:: To do ::
In the entries below, find the line with "Pretty Long Sleeve" and transcribe it and every line after it exactly, through the last line, without pictures.

(Stored data)

Content starts

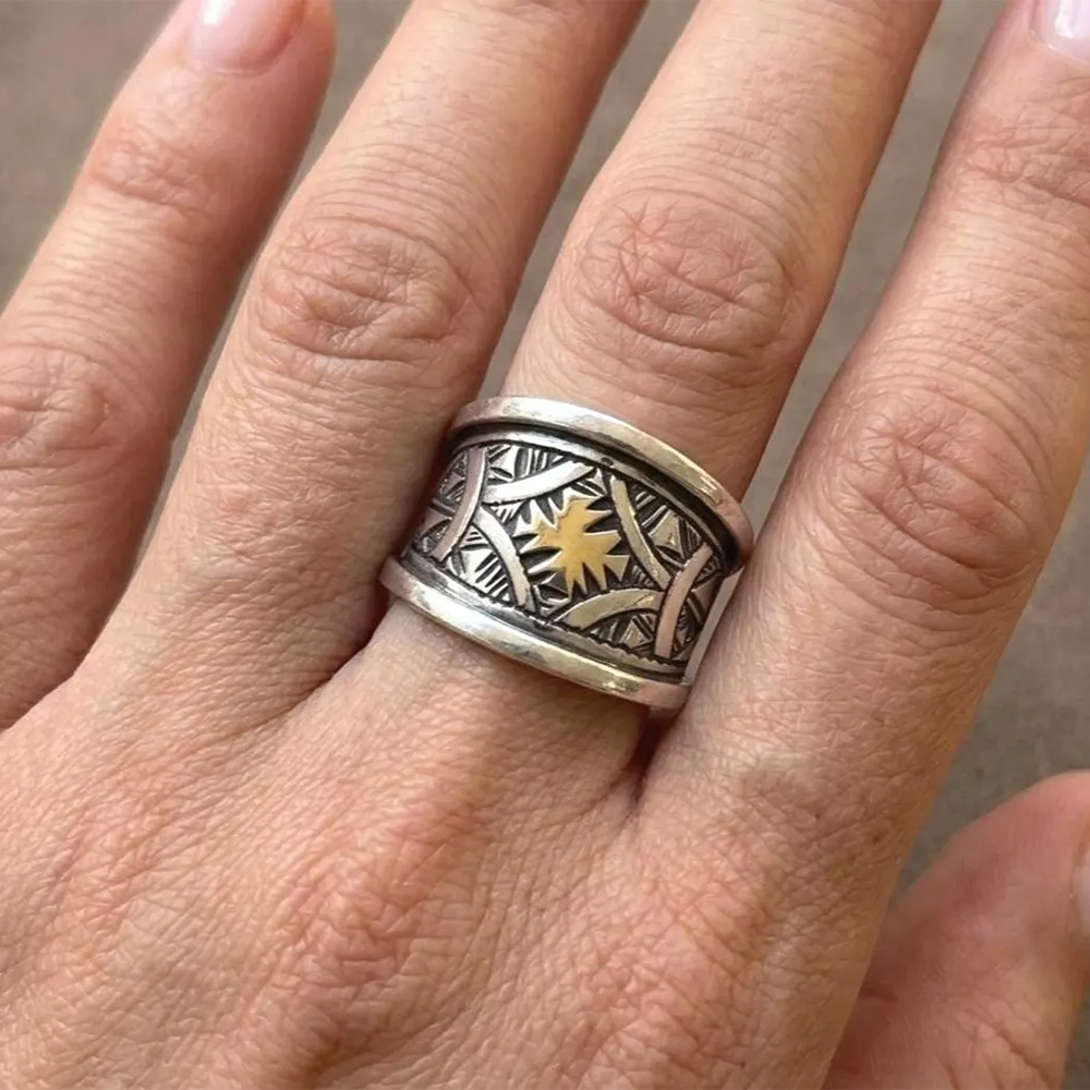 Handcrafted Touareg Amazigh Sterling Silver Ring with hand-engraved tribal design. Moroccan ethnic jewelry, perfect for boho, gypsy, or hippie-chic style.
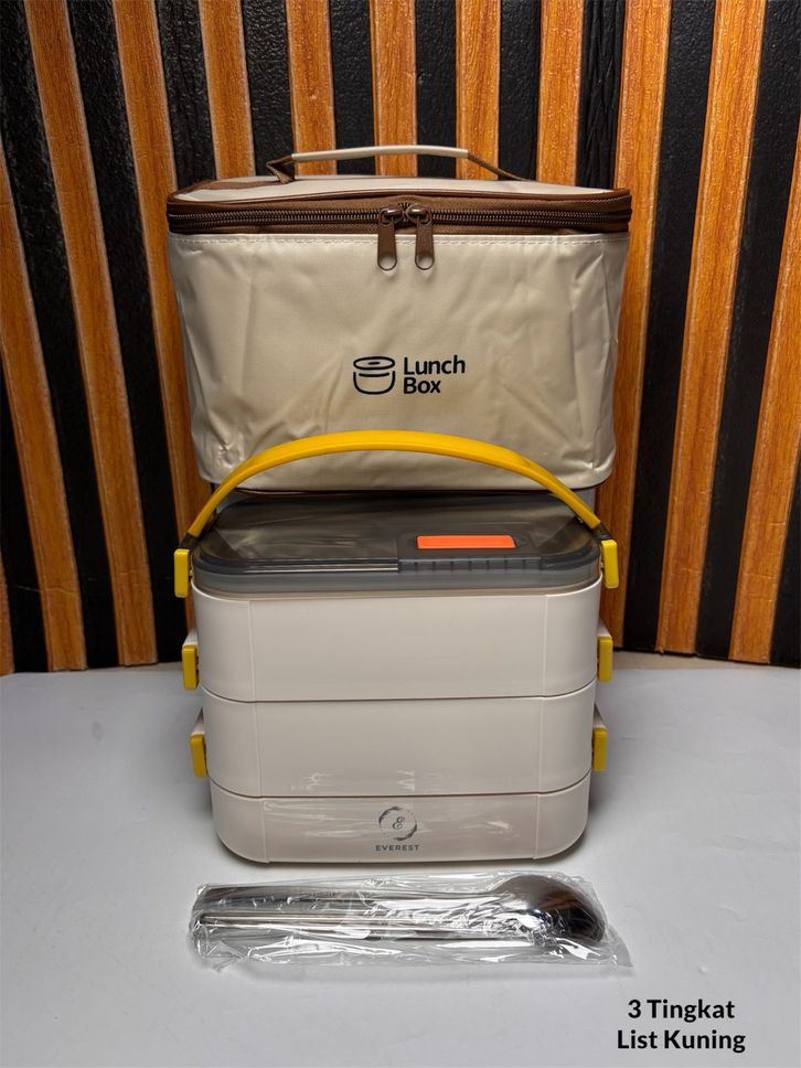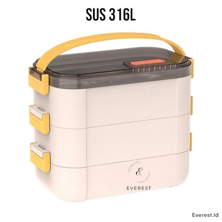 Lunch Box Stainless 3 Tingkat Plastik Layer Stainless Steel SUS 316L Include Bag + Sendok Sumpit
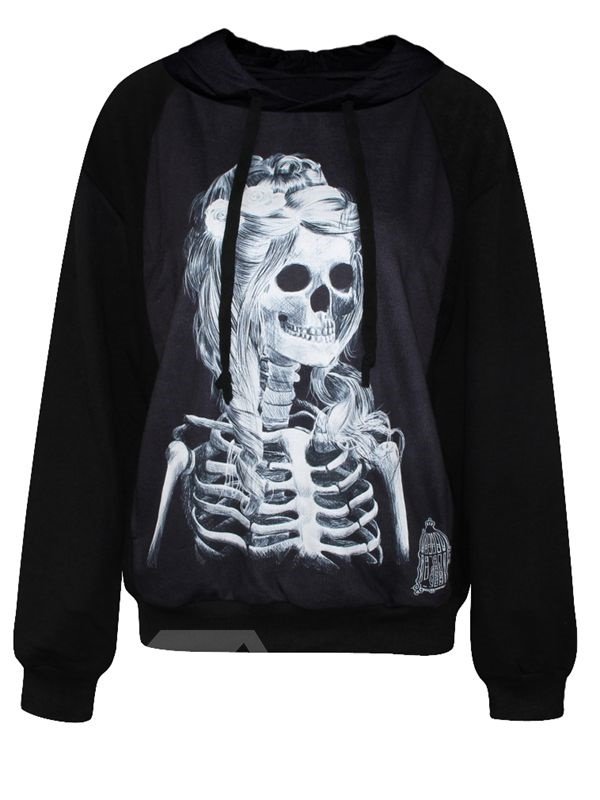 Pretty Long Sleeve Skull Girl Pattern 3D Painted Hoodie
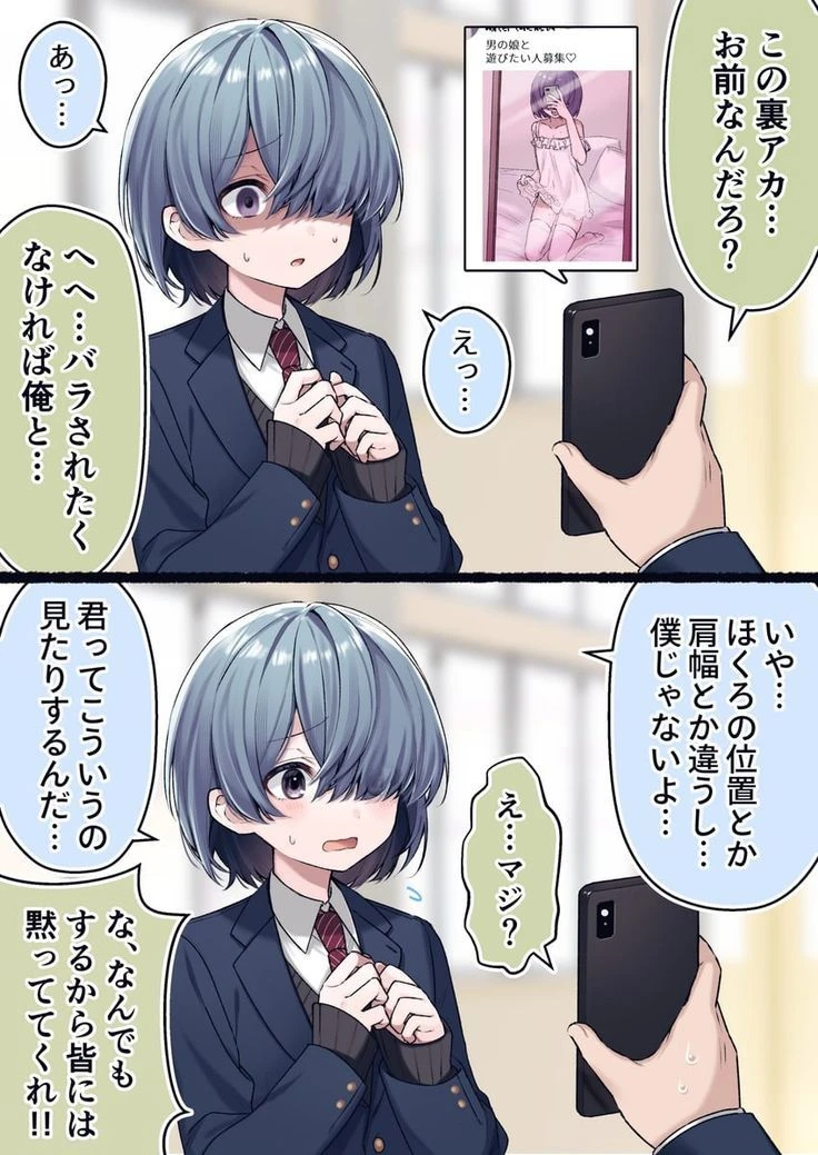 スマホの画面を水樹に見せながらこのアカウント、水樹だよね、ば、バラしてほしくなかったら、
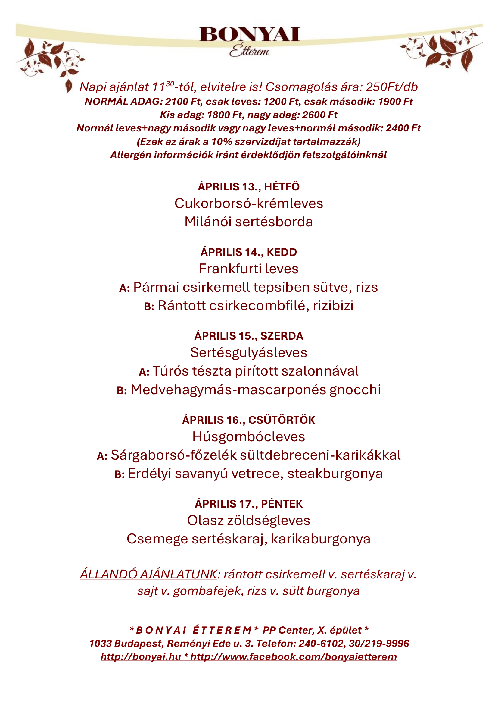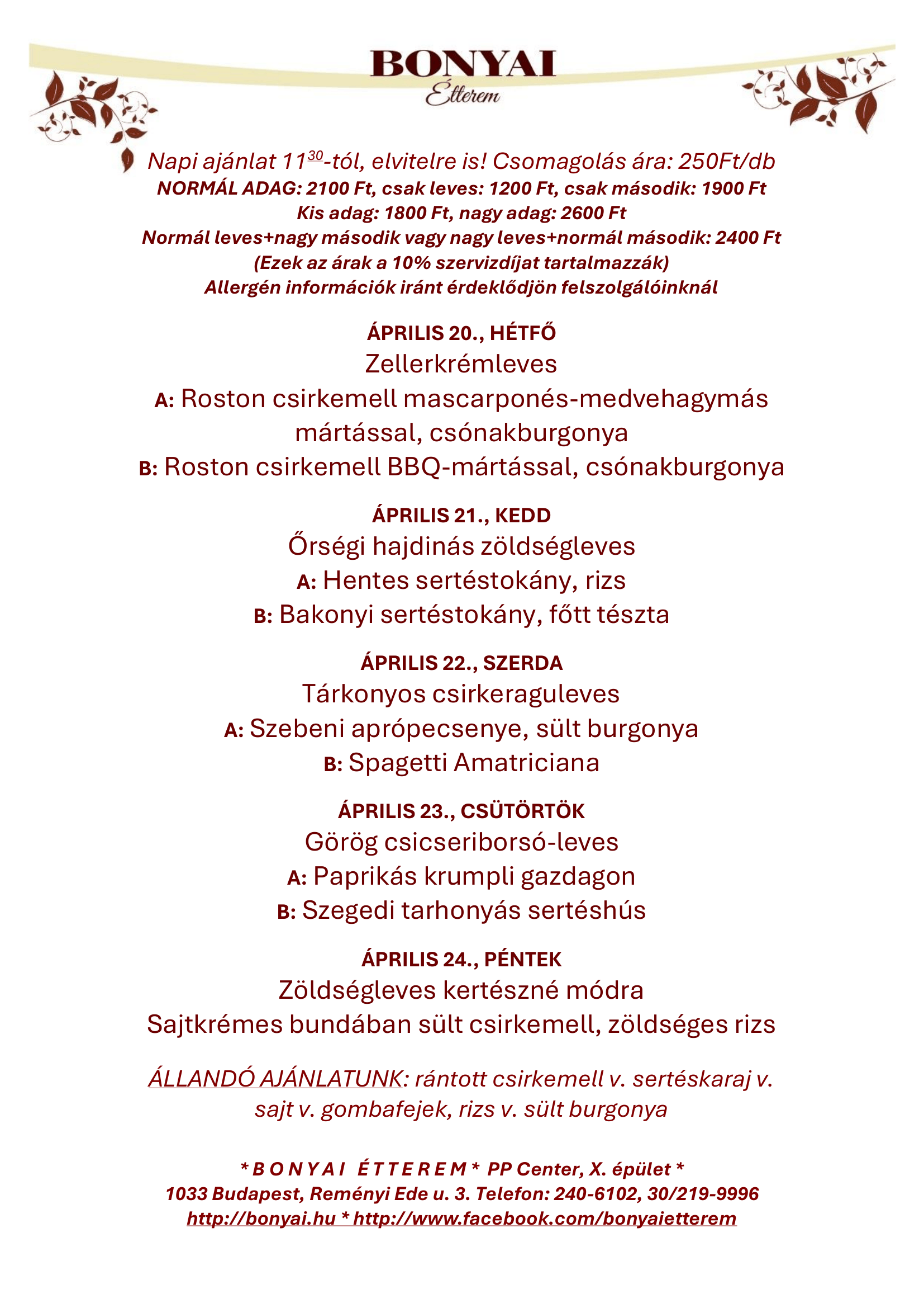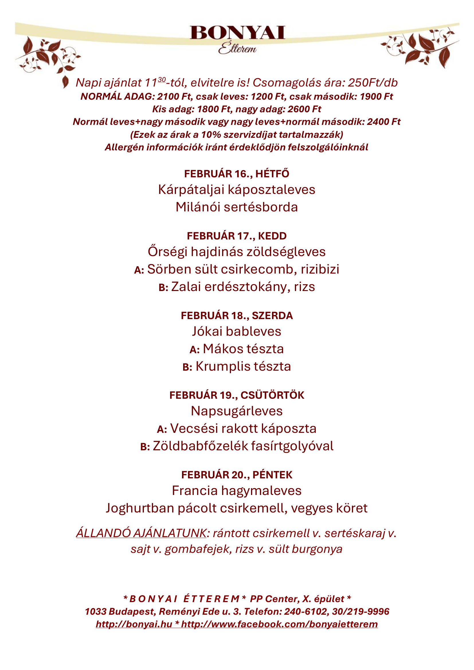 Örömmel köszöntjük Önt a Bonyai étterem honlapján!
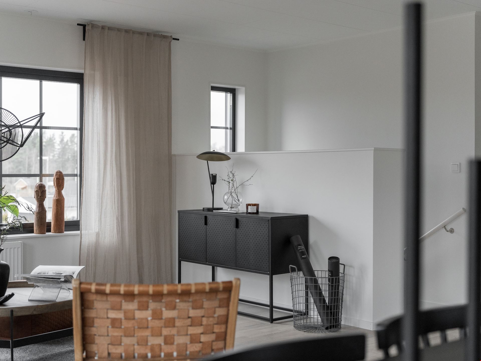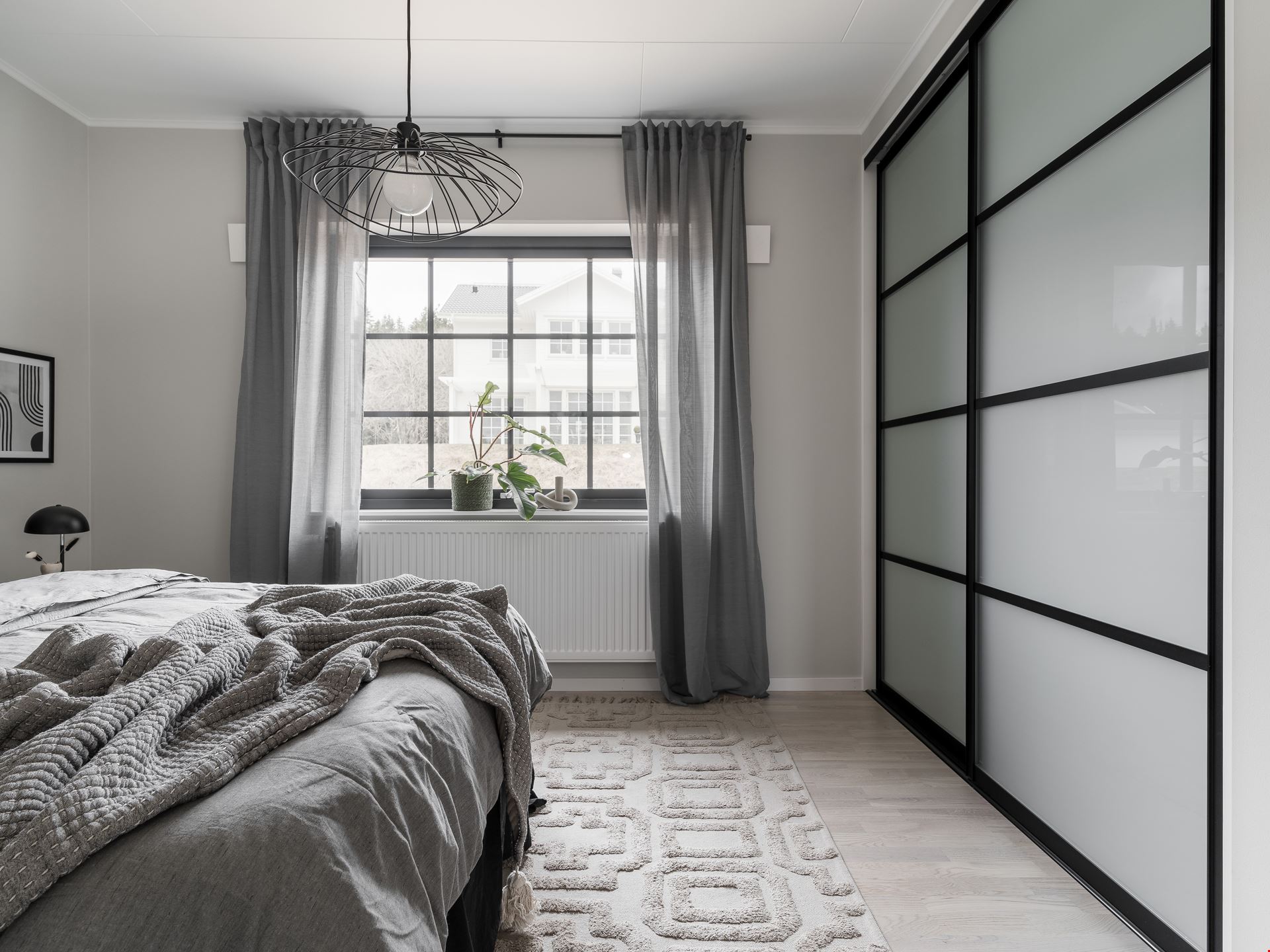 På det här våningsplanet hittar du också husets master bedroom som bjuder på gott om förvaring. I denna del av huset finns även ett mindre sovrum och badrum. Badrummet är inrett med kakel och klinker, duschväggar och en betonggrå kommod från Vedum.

Content ends

:: Task response ::
 Pretty Long Sleeve Skull Girl Pattern 3D Painted Hoodie
 スマホの画面を水樹に見せながらこのアカウント、水樹だよね、ば、バラしてほしくなかったら、
 Örömmel köszöntjük Önt a Bonyai étterem honlapján!
 På det här våningsplanet hittar du också husets master bedroom som bjuder på gott om förvaring. I denna del av huset finns även ett mindre sovrum och badrum. Badrummet är inrett med kakel och klinker, duschväggar och en betonggrå kommod från Vedum.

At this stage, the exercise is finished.